▸ EXERCISE DIRECTIONS:
Output only the lines below from the one containing "Dopo la decisione" to the one containing "Безмасляный стоматологический компрессор", exactly as written, both ends kept.
[ENTRIES PROVIDED]
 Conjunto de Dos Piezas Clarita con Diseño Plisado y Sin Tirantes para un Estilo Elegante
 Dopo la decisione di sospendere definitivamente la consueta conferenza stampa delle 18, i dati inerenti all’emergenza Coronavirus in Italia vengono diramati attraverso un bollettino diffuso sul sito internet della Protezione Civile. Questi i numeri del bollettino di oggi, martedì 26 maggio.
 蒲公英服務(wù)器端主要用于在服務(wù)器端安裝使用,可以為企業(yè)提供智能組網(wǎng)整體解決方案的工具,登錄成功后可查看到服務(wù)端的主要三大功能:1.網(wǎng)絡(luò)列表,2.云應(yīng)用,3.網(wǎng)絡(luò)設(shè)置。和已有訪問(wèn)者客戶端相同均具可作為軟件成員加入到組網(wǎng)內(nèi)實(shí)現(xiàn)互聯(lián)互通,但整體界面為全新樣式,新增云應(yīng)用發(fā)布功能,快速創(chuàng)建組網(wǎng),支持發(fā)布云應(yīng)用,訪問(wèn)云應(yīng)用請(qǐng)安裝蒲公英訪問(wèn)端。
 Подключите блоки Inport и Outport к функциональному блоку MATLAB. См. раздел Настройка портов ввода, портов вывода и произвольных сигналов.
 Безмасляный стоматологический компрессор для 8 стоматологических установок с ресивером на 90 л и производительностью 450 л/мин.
[/ENTRIES PROVIDED]
[ENTRIES PROVIDED]
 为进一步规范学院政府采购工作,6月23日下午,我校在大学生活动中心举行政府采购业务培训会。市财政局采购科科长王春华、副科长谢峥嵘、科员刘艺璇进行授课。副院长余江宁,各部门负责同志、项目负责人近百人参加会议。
[/ENTRIES PROVIDED]
[ENTRIES PROVIDED]
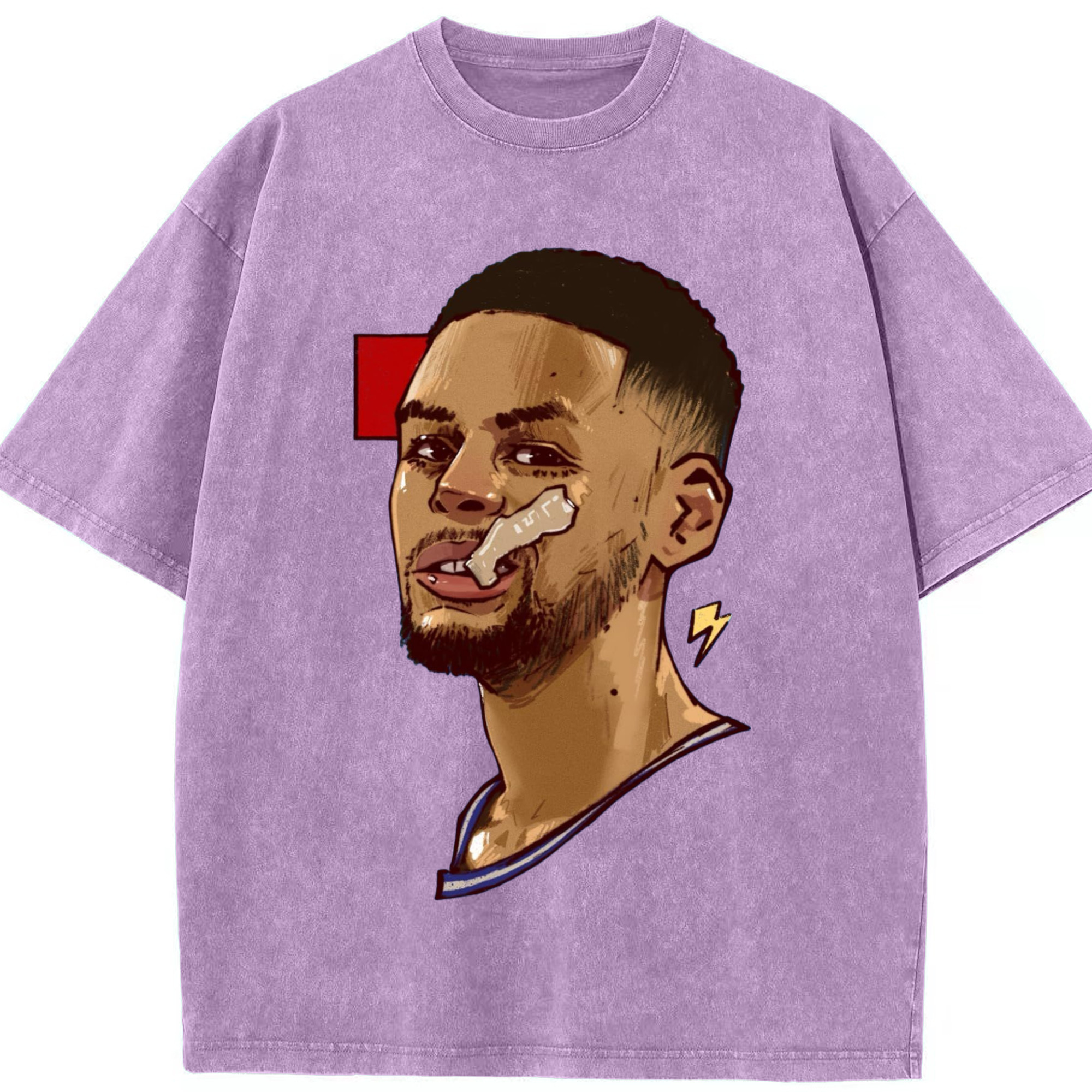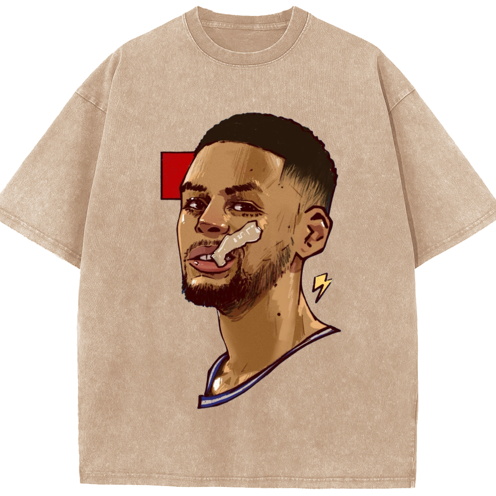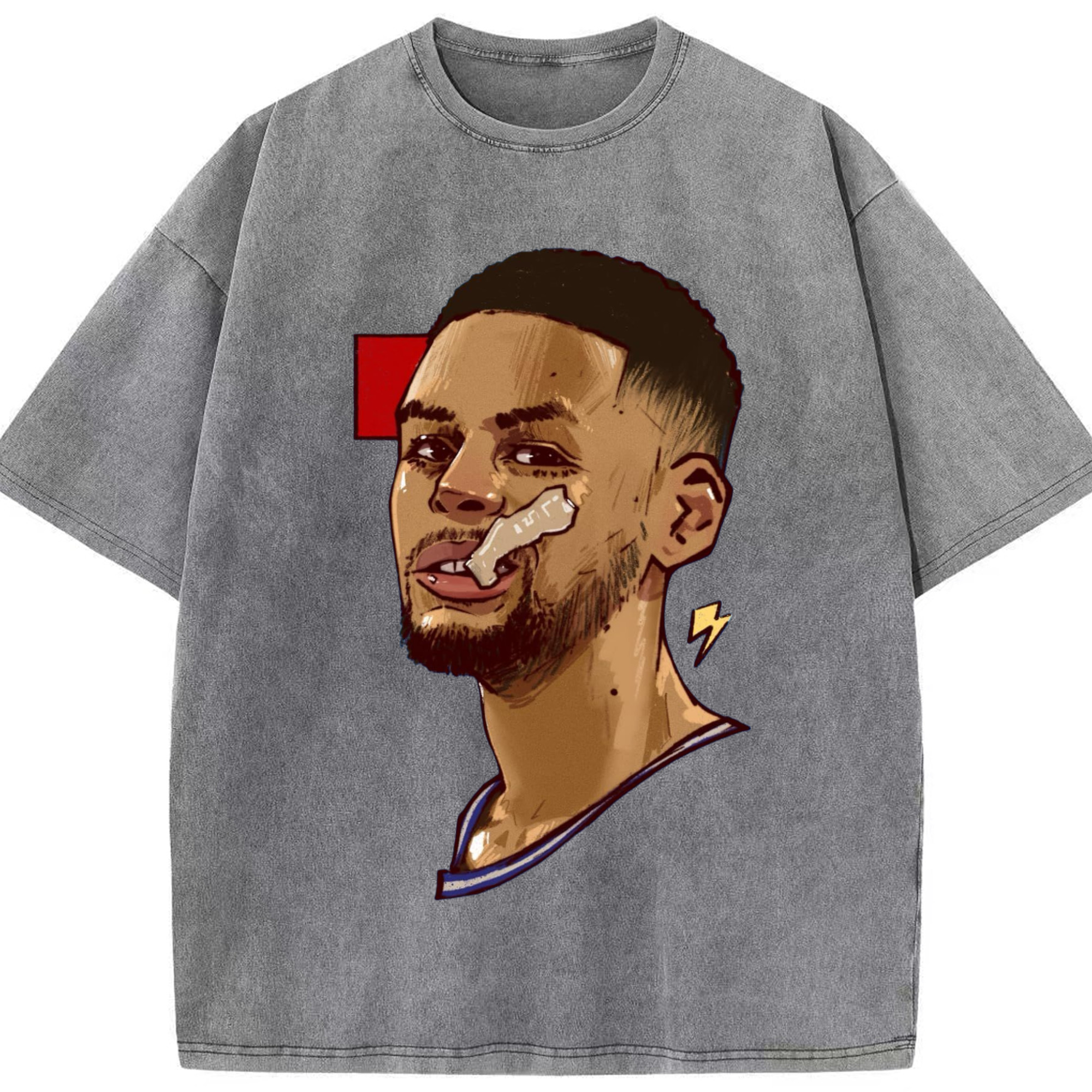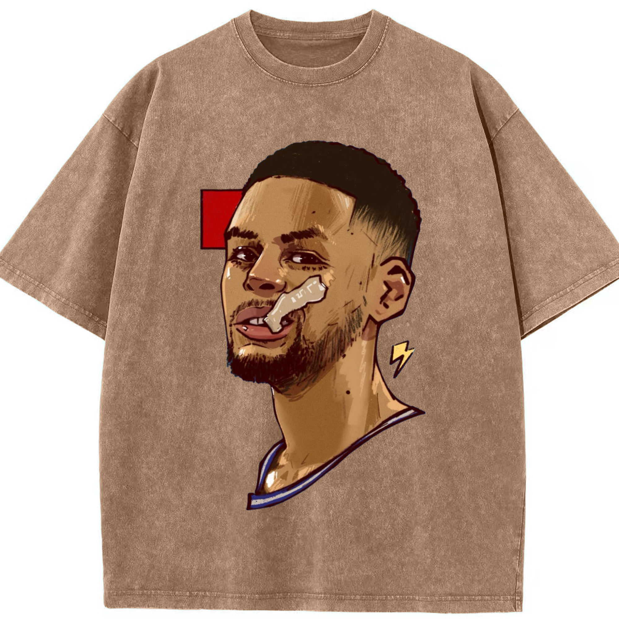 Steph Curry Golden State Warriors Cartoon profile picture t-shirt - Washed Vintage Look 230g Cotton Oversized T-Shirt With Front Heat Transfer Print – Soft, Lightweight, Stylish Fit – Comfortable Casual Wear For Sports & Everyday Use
[/ENTRIES PROVIDED]
▸ YOUR SOLUTION:
 Dopo la decisione di sospendere definitivamente la consueta conferenza stampa delle 18, i dati inerenti all’emergenza Coronavirus in Italia vengono diramati attraverso un bollettino diffuso sul sito internet della Protezione Civile. Questi i numeri del bollettino di oggi, martedì 26 maggio.
 蒲公英服務(wù)器端主要用于在服務(wù)器端安裝使用,可以為企業(yè)提供智能組網(wǎng)整體解決方案的工具,登錄成功后可查看到服務(wù)端的主要三大功能:1.網(wǎng)絡(luò)列表,2.云應(yīng)用,3.網(wǎng)絡(luò)設(shè)置。和已有訪問(wèn)者客戶端相同均具可作為軟件成員加入到組網(wǎng)內(nèi)實(shí)現(xiàn)互聯(lián)互通,但整體界面為全新樣式,新增云應(yīng)用發(fā)布功能,快速創(chuàng)建組網(wǎng),支持發(fā)布云應(yīng)用,訪問(wèn)云應(yīng)用請(qǐng)安裝蒲公英訪問(wèn)端。
 Подключите блоки Inport и Outport к функциональному блоку MATLAB. См. раздел Настройка портов ввода, портов вывода и произвольных сигналов.
 Безмасляный стоматологический компрессор для 8 стоматологических установок с ресивером на 90 л и производительностью 450 л/мин.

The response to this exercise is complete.